Lying for Mom

Not that it makes you a bad person. I’d cheerfully lie for Emily, in fact I lie all the time just for sport (sometimes 17 times before breakfast, you have to get up pretty early in the morning to out-lie me). In fact I’ll pass along for free Archie Goodwin’s (Nero Wolf’s partner, you should read them, they’re very good) advice for lying- Keep it simple and easy to remember. Shut up. Stick to it as long as you can.

So I’m not questioning Chelsea’s morality or honor or anything like that, I’m simply pointing out that she and the Clinton campaign are saying things about Bernie Sander’s proposals for Universal Health CARE (not insurance) that are not true and they know this (because they’re smart people) and are deliberately doing it anyway because, unfortunately for them, they are not dominating the Democratic Primary the way they think they ought to be and that misrepresenting his positions will gain them some kind of advantage (which it won’t).

Here’s what Chelsea said

“Sen. Sanders wants to dismantle Obamacare, dismantle the CHIP program, dismantle Medicare, and dismantle private insurance,” she said during a campaign stop in New Hampshire. “I worry if we give Republicans Democratic permission to do that, we’ll go back to an era – before we had the Affordable Care Act – that would strip millions and millions and millions of people off their health insurance.”

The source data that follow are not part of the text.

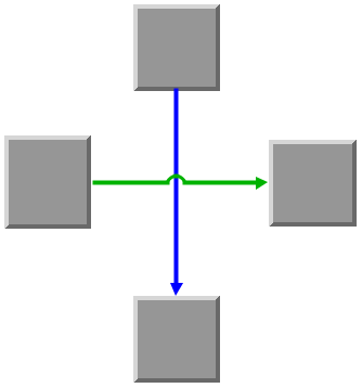 The method setCrossingMode of the class IlvEnhancedPolylineLinkImage enables you to select the aspect of the image of the link at the place where two links cross. To do so, set the mode parameter to one of the following options: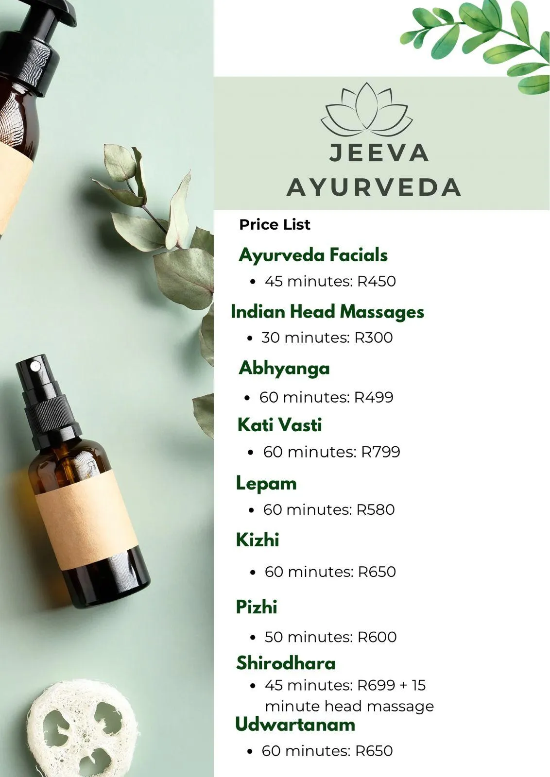 Bringing ayurvedic massages from Kochin, Kerala, India to Sandton where this ancient form of massage combines massages with specific oils and philosophy to help in the healing processes of different ailments.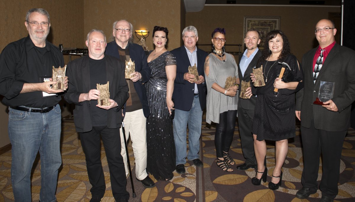 David Gerrold, William F. Nolan, Rain Graves, Joe McKinney, Linda Addison, Eric Guignard, Rena Mason, and JG Faherty at the 2014 Bram Stoker Awards,held during the World Horror Convention in Portland, Oregon.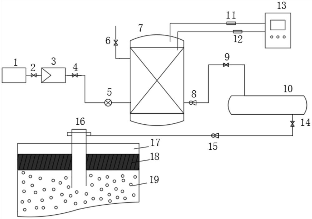 摘要:本实用新型公开了一种二氧化碳地层封存系统。该系统包括:气体预处理单元,用于将二氧化碳气体收集后再进行预冷、增压处理;水合反应单元,用于将处理后的二氧化碳与水合剂输送至设定压强、温度的闭合空间内反应生成二氧化碳水合物;水合物封存单元,用于将二氧化碳水合物输送至煤/油气采空区以水合物的形式进行地层封存;其中,气体预处理单元、水合反应单元、水合物封存单元依次通过管道连接。本实用新型系统对二氧化碳气体的存储效率高、便于储存和运输,二氧化碳气体存储过程具有很强的安全性和经济性,并且,本实用新型利用地层压力实现二氧化碳气体的封存,进一步提高了二氧化碳的封存效率。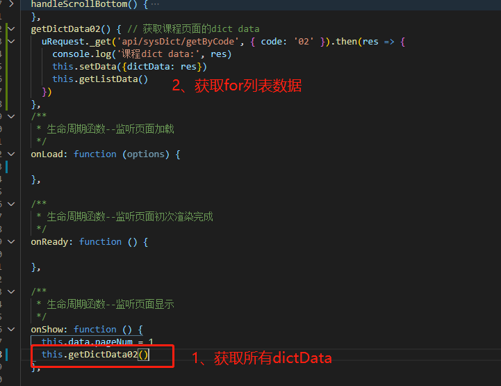 2、目前解决办法是使用wxs, 在页面中先去调用dict request 得到所有的字典表数据, this.setData设置到data里 , 然后引用wxs for数据下面上图说明,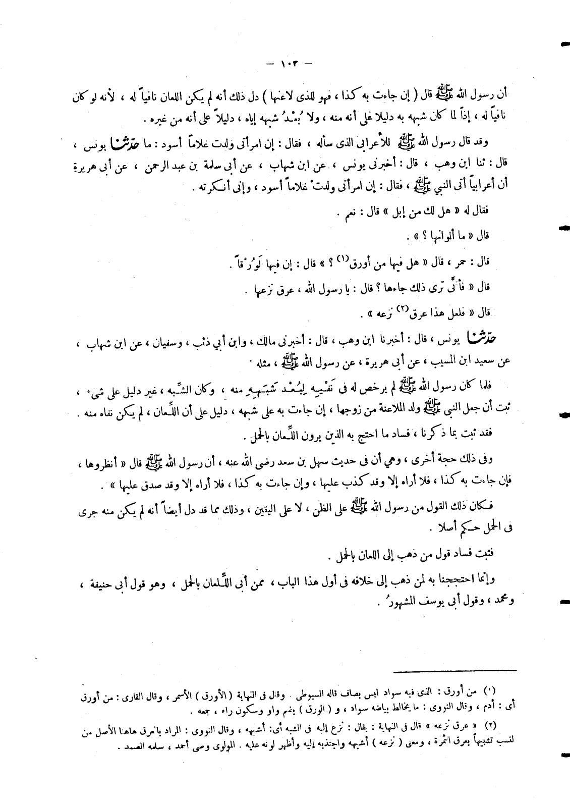 حَدَّثَنَا يُونُسُ , قَالَ: ثنا ابْنُ وَهْبٍ , قَالَ: أَخْبَرَنِي يُونُسُ , عَنِ ابْنِ شِهَابٍ , عَنْ أَبِي سَلَمَةَ بْنِ عَبْدِ الرَّحْمَنِ , عَنْ أَبِي هُرَيْرَةَ " أَنَّ أَعْرَابِيًّا أَتَى النَّبِيَّ صَلَّى اللَّهُ عَلَيْهِ وَسَلَّمَ , فَقَالَ: إِنَّ امْرَأَتِي وَلَدَتْ غُلَامًا أَسْوَدَ , وَإِنَى أَنْكَرْتُهُ. فَقَالَ لَهُ: «§هَلْ لَكَ مِنْ إِبِلٍ» قَالَ: نَعَمْ. قَالَ: «مَا أَلْوَانُهَا؟» . قَالَ: حُمْرٌ , قَالَ: «هَلْ فِيهَا مِنْ أَوْرَقَ؟» قَالَ: إِنَّ فِيهَا لَوُرْقًا. قَالَ: «فَأَنَّى تَرَى ذَلِكَ جَاءَهَا؟» قَالَ: يَا رَسُولَ اللهِ , عِرْقٌ نَزَعَهَا. قَالَ: «فَلَعَلَّ هَذَا عِرْقٌ نَزَعَهُ» .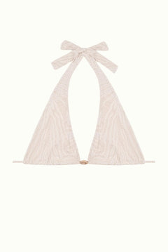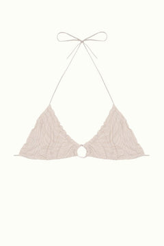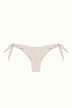 White bikini bottoms with zebra texture and different shades of ecru. A basic with our sophisticated touch with rustic hoops on the sides.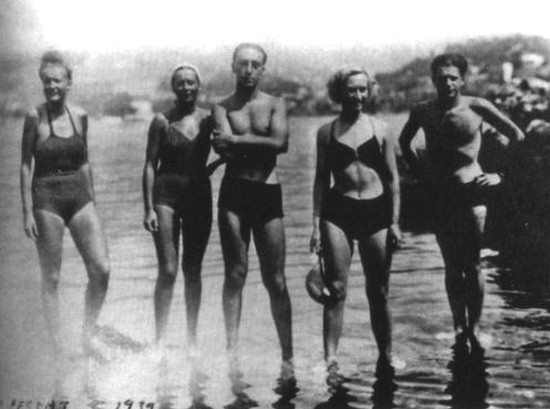 Ромен Касев в Кап-Ферра. Справа — Сильвия и Рене Ажиды. 1939.

Oh, and she (Chelsea) wants to focus on the specifics. From Jon Green at Americablog

Focusing on the “specifics” of Sanders’s proposal for single-payer health care would require Clinton to disclose that after dismantling Obamacare, CHIP, Medicare and private insurance, all of those things would be replaced by what Sanders has consistently described as “Medicare for all.” Instead, she’s found a different way to make the same kind of disingenuous claim about the consequences of single payer.

On the cost side, Clinton’s camp zeroes in on everything that happens after the new system is implemented, ignoring the savings realized by eliminating the existing system. On the benefits side, Clinton’s camp ignores everything that happens after the new system is implemented, zeroing in on all of the benefits Americans currently receive. In neither case is the plan considered as a whole — perhaps because 81 percent of Democrats (and 58% of all US adults) support the idea.

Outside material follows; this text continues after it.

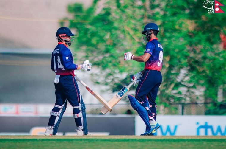 टस जितेर पहिले ब्याटिङमा उत्रिएको नेपालले निर्धारित २० ओभरमा ६ विकेटको क्षतिमा १ सय ४० रनमात्र बनाउन सक्यो । नेपालको लागि आसिफ शेखले अर्धसतक बनाए । उनले ४७ बलमा ४ चौका र एक छक्काको मद्दतमा ५१ रन बनाए । यसअघि कुशल भुर्तेल २८, कप्तान रोहित पौडेल २०, गुलसन झा १४ र कुशल मल्ल १० रन बनाउँदै आउट भए । यस्तै सोमपाल कामीले ६ र सन्दीप जोराले नटआउट ४ रन बनाए ।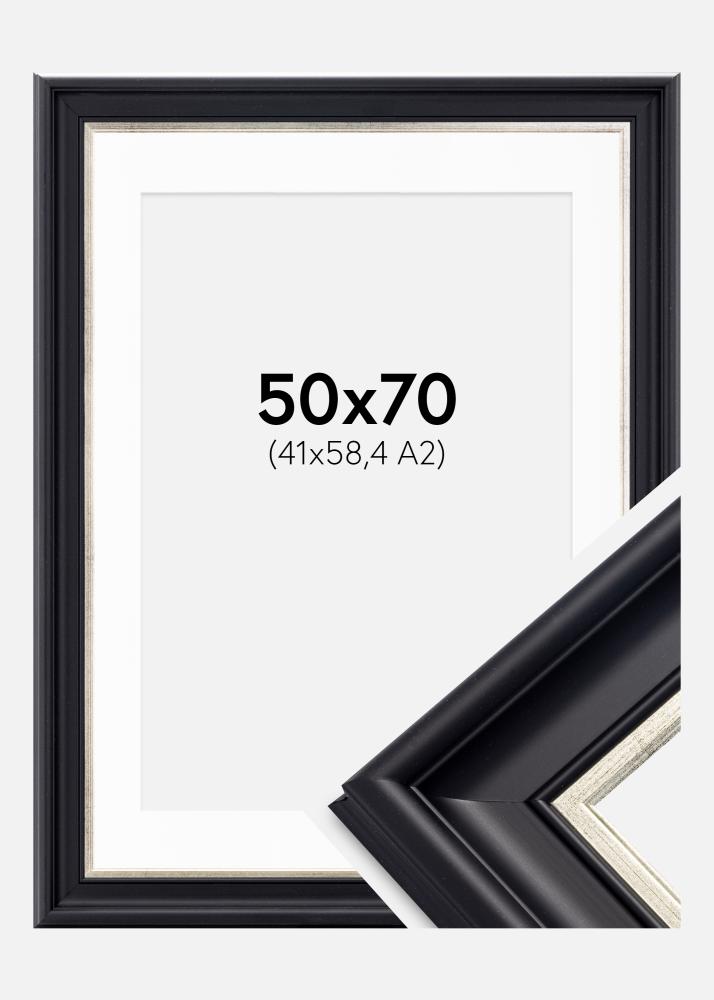 Okvir Dalarna Črno-Srebrna 50x70 cm - Paspartŭ Bela 42x59,4 cm (A2)

Indeed, as Jon points out at the beginning of his piece, while it is true that Medicare for All will cost as much as $15 Trillion (over 10 years), “it’s a lot cheaper than private health care, which is currently on track to cost the American people close to $42 trillion over the next ten years. That’s why the analysis from which both Clinton and the Wall Street Journal get their eye-popping price tag is titled (.pdf) “How we can afford a national single-payer health plan.”

To continue-

(I)f Clinton wants to hit Sanders over single-payer, there are more honest and, frankly, more popular ways to do it. Given that Democrats are practically guaranteed to have a minority in the House and, at best, a majority in the Senate that can’t break a filibuster, there is absolutely no hope for Sanders’s single-payer plan to become a reality. So Clinton could say that she’s on board with Sanders’s ideals, but that’s all they are: ideals. She could say that she lives in the real world, and is interested in actually passing legislation that expands access to health care — however incremental that legislation may be. That may not sound exciting to the progressive base, but they’d probably shrug their shoulders and count it as an acceptable disagreement.

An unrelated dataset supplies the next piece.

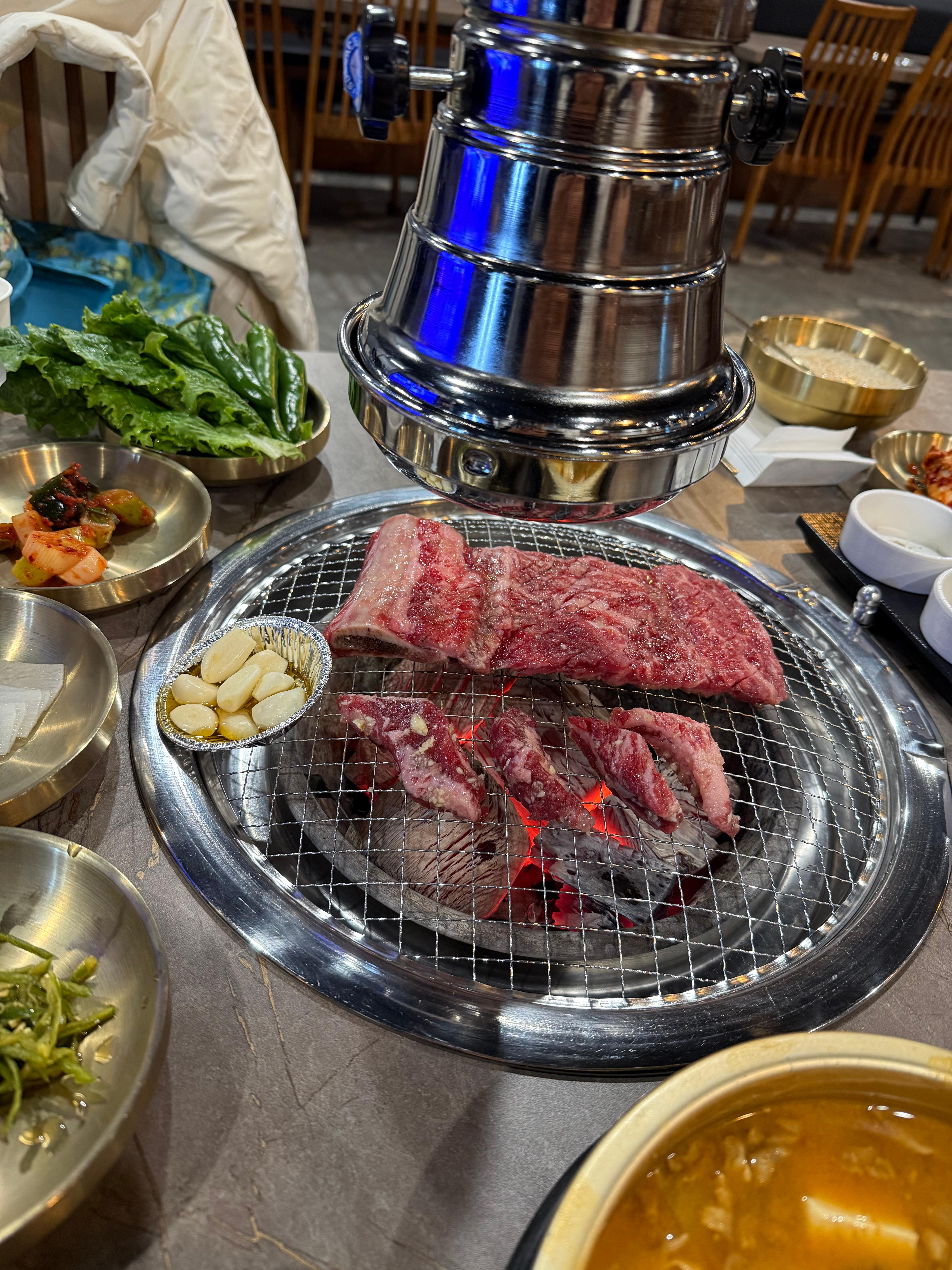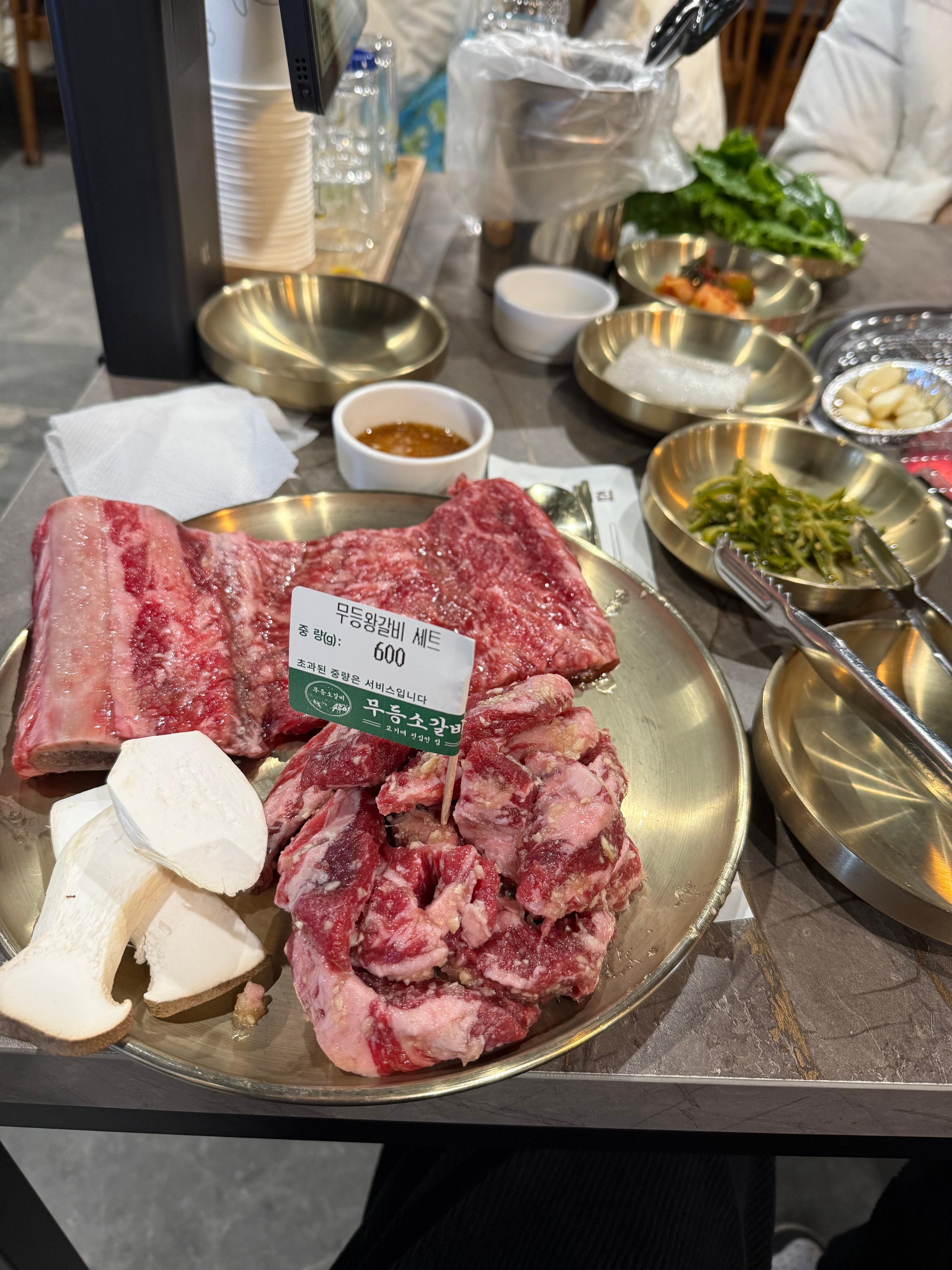 Our main course was the Mudeung King Galbi Set. The serving included one large king galbi rib attached to the bone, along with beautifully prepared galbi-sal (boneless rib meat). It was marinated galbi, but the marinade wasn't overly strong and the meat was incredibly tender, allowing the natural flavor of the beef to shine through with a perfect balance of sweet and savory. Even the kids thoroughly enjoyed it! The rich marbling and tender texture make it a dish that anyone, regardless of age, would love.

That isn’t what she’s done, though.

This back-and-forth over whether truly universal health care is good, or whether it’s Actually Bad, is part of the broader debate emerging between Sanders and Clinton over whether taxes can ever be good, or whether they’re always bad. By making a big deal out of single-payer’s price tag, Clinton is implying (correctly) that single-payer costs too much to fund solely through taxes on the wealthy. Ordinary Americans will have to give more money to the IRS in order to make it happen. Sanders is fine with this, and is betting that most voters will be too so long as that extra money they give to the IRS is less than the money they no longer have to give to their private insurer.

This argument is all but guaranteed to come up on Sunday at the next democratic debate. And both candidates think it’s an argument they can win. Clinton will just have to bring Republican talking points to a Democratic debate in order to do so.

Let’s all just say Hurray for the Third Way. As Nero would put it- “Pfui.”